Ada melodi halus yang berakar dalam kata ESCOMBROS, lebih menyakitkan daripada bunyi padanannya yang tidak sempurna: serpihan, puing-puing, atau reruntuhan. Nada yang menyedihkan bergema dari residu struktur fisik yang pernah berdiri di atas kakinya sendiri, utuh dan tenteram. Bisakah kau mendengarnya? Suara mereka tidak dapat dipahami, terbuat dari fragmen yang terputus, jejak dari bagian sejarah dan subjektivitas yang terus berubah, mengulurkan visi yang tidak diketahui dan yang mungkin, dan beribu-ribu mungkin-telah-telah. Melodi itu berubah menjadi teriakan bisu untuk diungkapkan—bagaimana tindakan hidup mereka? Apa yang pernah berdiri di sini, di reruntuhan ini, sebelum hilang jejaknya?
Kami memulai perjalanannya melalui portal yang terdiri dari reruntuhan anakronik —situs ziarah kami—sebuah pondasi baja tunggal yang berdiri tegak dan lengang di Jalan Letjen Suprapto, No. 27, vis-à-vis Gereja Blenduk di Kota Lama Semarang, Indonesia. Sebuah tempat yang ditakdirkan oleh nasib untuk tetap tak dikenal, masa lalunya tertutup dalam ubinnya, di tengah-tengah lanskap warisan arsitektur kolonial yang hancur. Betapa ironisnya berdiri menghadap struktur ‘modern’ ini, yang ditangguhkan di sini sebagai tanda kegagalan kita untuk mengingat, atau sebagai suatu keniscayaan dari kelupaanpelupaan kita?
Tahun 1950-an, kala itu di Purwodinatan No. 27, sebuah toko buku bernama LIONG berhasil beroperasi sebagai pusat kebutuhan sekolah, buku, dan barang dagangan impor lainnya, sementara juga secara independen menerbitkan beberapa buku komik yang paling berkesan dalam sejarah Indonesia. Pembuatnya LIE Djoen Liem dan ONG King Nio tidak pernah tahu seberapa jauh komik mereka mencapai pembaca atau dampak yang mereka miliki pada generasi yang akan mengikuti.

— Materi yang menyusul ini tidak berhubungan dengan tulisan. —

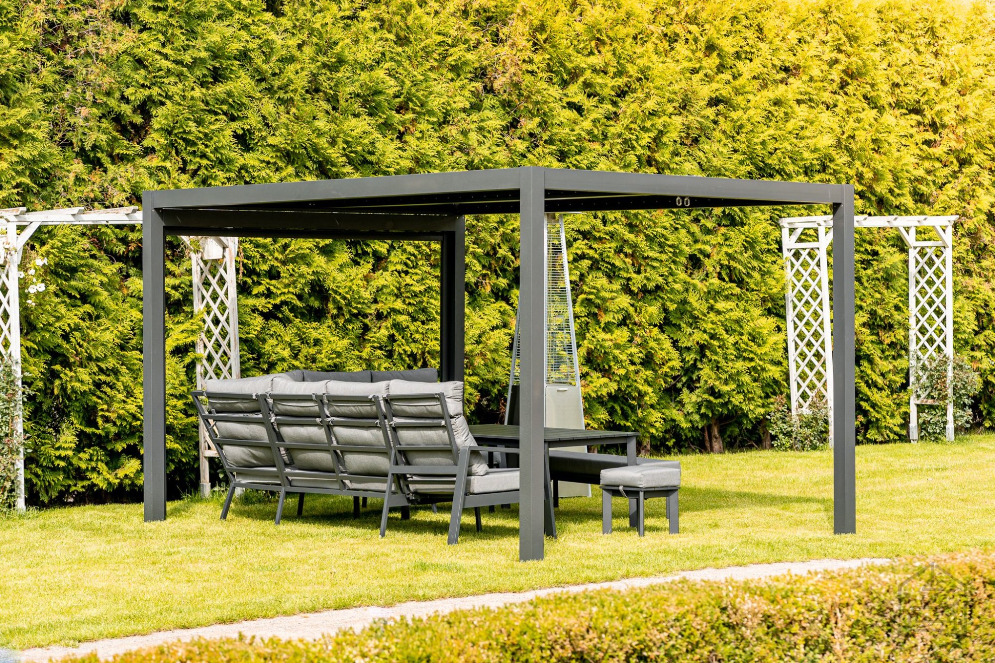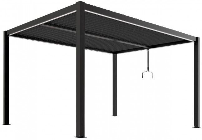Die hochwertige Gartenpergola mit den Maßen 3 x 4 Meter ist ein Vorschlag für die Überdachung von Terrasse und Garten. Sie kann im Garten als freistehende Konstruktion aufgestellt werden, aber auch direkt an das Haus angebaut werden, um so die Terrasse zu überdachen. Ausgestattet mit einem Dach, das sich mithilfe eines speziellen Öffnungssystems verstellen lässt, bietet sie Ihnen die Möglichkeit, Ihre Träume von Entspannung optimal an Ihre Bedürfnisse anzupassen. Die Aluminiumkonstruktion ist für den Außeneinsatz bestimmt und zeichnet sich durch erhöhte Korrosionsbeständigkeit aus. Die Konstruktion der Pergola ist mit einer Regenrinne versehen, was den täglichen Gebrauch komfortabler macht. Die Zellstruktur ist dank der soliden Befestigung stabil.
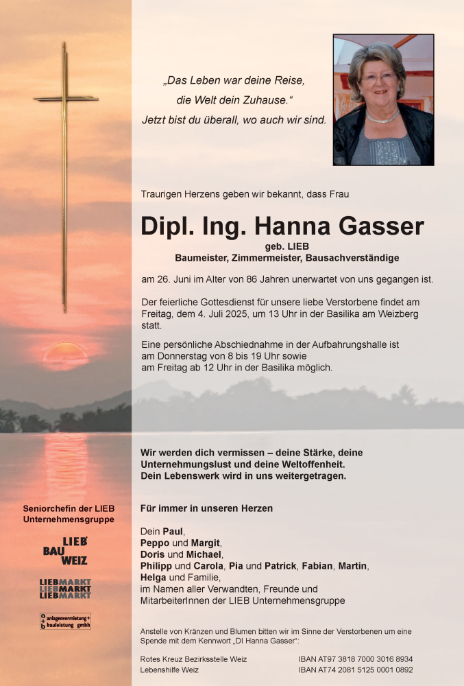 Hier finden Sie alle Traueranzeigen aus der Zeitung, die bisher für Hanna Gasser erschienen sind. Weitere Traueranzeigen, die in der Zeitung erscheinen, werden hier ebenfalls aufgelistet
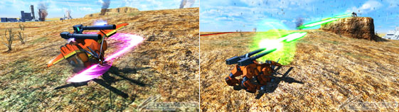 变形为WR型态可进行高速移动,自在地操纵与敌人之间的间距,构筑有利的战斗。

Pada tahun 1958, keluarga itu tiba-tiba bermigrasi ke Brasil yang jauh, impian mereka menghilang ke udara, mungkin sama seperti impian orang-orang yang tinggal di sini pada saat itu. Mereka tidak pernah melihat ke belakang.
Dari reruntuhan sebuah rumah dan serpihan identitas yang ditinggalkan, puing-puing anakronik tersebut mengadakan refleksi disintegrasi bertahap dari kemajemukan sosial, ditukar dengan cita-cita nasionalisasi yang nativis, dan keresahan hidup sebagai minoritas terhadap rasa diskriminatif kebangsaan. Sementara kami berdiri kecil di depan pilar-pilar masif ini, beragam paradoks identitas tampak.Apa yang bisa kami pelajari dari escombros yang ditinggalkan oleh kakek-nenek kami dan sejarah yang mencabut mereka? Bisakah kita menguraikan proses melupakan yang tak terhindarkan, diperumit oleh lapisan marginalisasi dan penghapusan?